Ascending, by James Alan Gardner
a review by Rich Horton
Today is James Alan Gardner's 63rd birthday. In his honor, here's a review I did for my old blog of his novel Ascending. I will add that I hadn't seen a novel from Gardner in over a decade until new novels appeared in each of the past two years: All Those Explosions Were Someone Else's Fault and They Promised Me the Gun Wasn't Loaded. A welcome return indeed!
Ascending was James Alan Gardner's fifth novel, and his fourth about Festina Ramos, an "Explorer" with the Navy of the future Human Technocracy. (Besides those four novels, all with one word titles (Expendable, Vigilant, and Hunted being the other three), he has written Commitment Hour, which does not seem to be about Festina.) Festina was the protagonist of Gardner's first novel, in which we learn the general setup of his future history, to wit 1) humans (and a number of other alien species) have been given the secret of FTL travel as well as some other nice stuff such as life extension treatments by apparently benevolent aliens, 2) the more advanced aliens are the controlling races of the League of Peoples, a very loose confederation of beings that operates with one simple law: anyone who might kill another sentient being is considered non-sentient, and cannot travel outside their own Solar System: if they do, they die, instantly and mysteriously; and 3) the Human Navy's Explorer Corps is composed of disabled and disfigured people who are considered "expendable" because of their handicaps, thus handy for being sent on dangerous missions. John Clute called this last idea the silliest idea he had ever seen in SF, or words to that effect, and I agree.

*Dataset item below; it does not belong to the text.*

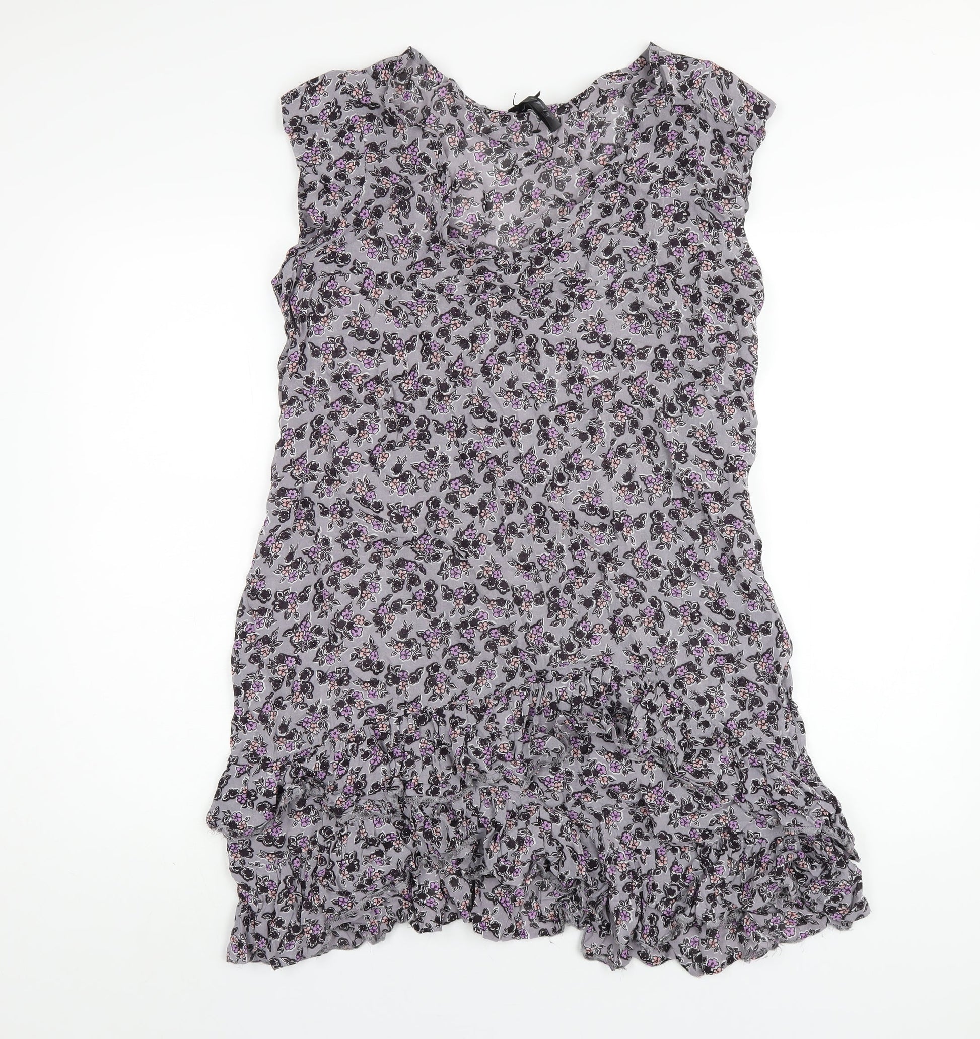 NEXT Womens Grey Floral Viscose Ball Gown Size 16 V-Neck Pullover

In Expendable, book 1, Festina was sent to Melaquin, an Earthlike planet from which no Explorer has returned -- it turns out that it's a parking spot for rebellious Admirals and other people the Technocracy wants to dump without killing. It also turns out that it is inhabited by a race of glass people who look exactly like humans but who are transparent. This race is dying out because they tend to get "Tired Brains" at the age of 50 -- and though they are very hard to kill, they just lay down and vegetate forever. Only a few are alive in this book, and Festina befriends one of them, a woman named Oar. But at the end of Expendable, Festina has exposed the improper use of Melaquin, so the Technocracy has to abandon the planet, and she leaves Oar behind, believing her dead after an 80 story fall.

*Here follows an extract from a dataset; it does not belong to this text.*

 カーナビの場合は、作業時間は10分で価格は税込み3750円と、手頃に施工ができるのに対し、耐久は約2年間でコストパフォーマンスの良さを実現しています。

After Expendable Festina is no longer the POV character, but in each book she is an important secondary character. Vigilant and Hunted are mostly unlinked separate stories. Ascending, though, resumes on Melaquin, with Oar having awoken from a 4 year sleep, apparently cured of her injuries. She has been discovered by a criminal of the Divian species named Uclodd Unorr: a short orange humanoid. He has been hired to spirit Oar away before the Technocracy council of Admirals finds her, because they wish to make sure she cannot testify against them about the crimes on Melaquin. So Uclodd, his wife Lajoolie, and Oar are soon running away in the intelligent ship Starbiter. But they find that not only is the Human navy after them, so is a powerful alien species called the Shaddill -- the very species which sold FTL technology to Divians and Humans, and which is believed to have created Oar's people in the distant past. After some hair raising adventures, they encounter Festina Ramos, then another strange alien species, the Cashlings. All the while Oar is in contact with a weird alien named the Pollisand, who claims to have brought her back from the dead, and who wishes her help in ridding the universe of the evil Shaddill.
The book is quite fun to read. It is told in Oar's inimitable voice, familiar to readers of Expendable: she is childish but charming, desperate for attention, very egotistical, profane. The reasons for all this are explained in the book. The voice is fun to read, and the action of the book is quite exciting as well. At the same time, there are caveats. The whole setup for Gardner's future is really absurd. Moreover, the science in these books is extremely rubbery, pretty much whatever it needs to be for plot purposes at any one time. I have seen a number of comments from readers for whom all this is too much, and they can't enjoy the books. I find that thoroughly understandable -- I can only say that I do like the books, albeit with reservations and a certain amount of eye-rolling and eyebrow-raising. I made a comment, in a review of one of the earlier books, that they reminded me, in some ways, of '50s SF: in the rubbery but fun science, and in the whole insouciance of the approach to things. I will say that Gardner's imagination is active: his aliens, though very humanlike in character, are neatly designed, and his tech, wacky is it is, is also often quite clever.